--- Material for this task ---

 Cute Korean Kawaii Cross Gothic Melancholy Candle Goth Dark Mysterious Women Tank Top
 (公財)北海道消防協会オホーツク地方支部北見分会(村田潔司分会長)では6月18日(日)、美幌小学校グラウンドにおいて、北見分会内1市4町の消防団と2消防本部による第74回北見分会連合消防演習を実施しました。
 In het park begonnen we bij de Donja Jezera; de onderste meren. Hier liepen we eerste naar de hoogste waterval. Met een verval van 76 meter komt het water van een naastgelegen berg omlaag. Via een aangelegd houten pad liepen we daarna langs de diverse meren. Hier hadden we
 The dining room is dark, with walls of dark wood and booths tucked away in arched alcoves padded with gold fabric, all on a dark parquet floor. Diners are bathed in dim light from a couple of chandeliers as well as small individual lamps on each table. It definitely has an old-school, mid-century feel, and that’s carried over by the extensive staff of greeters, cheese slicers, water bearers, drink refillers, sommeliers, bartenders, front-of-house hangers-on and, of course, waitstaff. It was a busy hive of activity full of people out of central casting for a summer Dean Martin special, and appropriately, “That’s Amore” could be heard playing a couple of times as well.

---
--- Material for this task ---

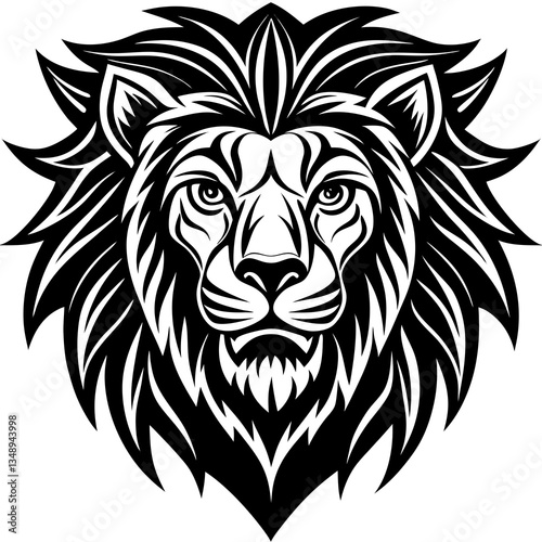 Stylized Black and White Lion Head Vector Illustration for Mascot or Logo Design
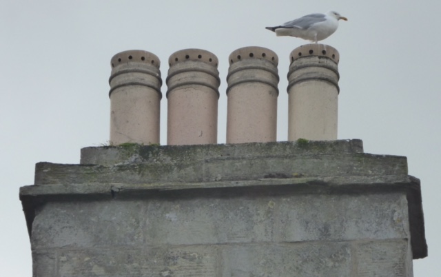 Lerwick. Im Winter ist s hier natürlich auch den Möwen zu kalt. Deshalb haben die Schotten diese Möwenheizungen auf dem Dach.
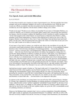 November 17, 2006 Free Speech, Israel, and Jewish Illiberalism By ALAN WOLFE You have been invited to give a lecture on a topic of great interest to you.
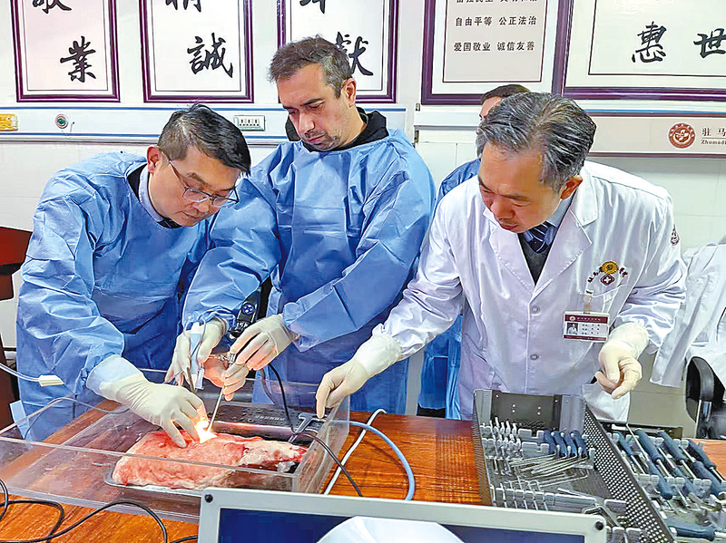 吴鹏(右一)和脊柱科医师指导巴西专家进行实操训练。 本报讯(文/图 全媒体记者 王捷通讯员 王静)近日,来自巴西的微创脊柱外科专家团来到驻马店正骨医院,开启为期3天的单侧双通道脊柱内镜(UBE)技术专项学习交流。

---

> _Prompt_:
What is needed is an exact copy of only the lines above from the one with "November 17, 2006" to the one with "吴鹏(右一)和脊柱科医师指导巴西专家进行实操训练。 本报讯(文/图 全媒体记者", both kept, with every picture left out.

> _Answer box_:
 November 17, 2006 Free Speech, Israel, and Jewish Illiberalism By ALAN WOLFE You have been invited to give a lecture on a topic of great interest to you.
 吴鹏(右一)和脊柱科医师指导巴西专家进行实操训练。 本报讯(文/图 全媒体记者 王捷通讯员 王静)近日,来自巴西的微创脊柱外科专家团来到驻马店正骨医院,开启为期3天的单侧双通道脊柱内镜(UBE)技术专项学习交流。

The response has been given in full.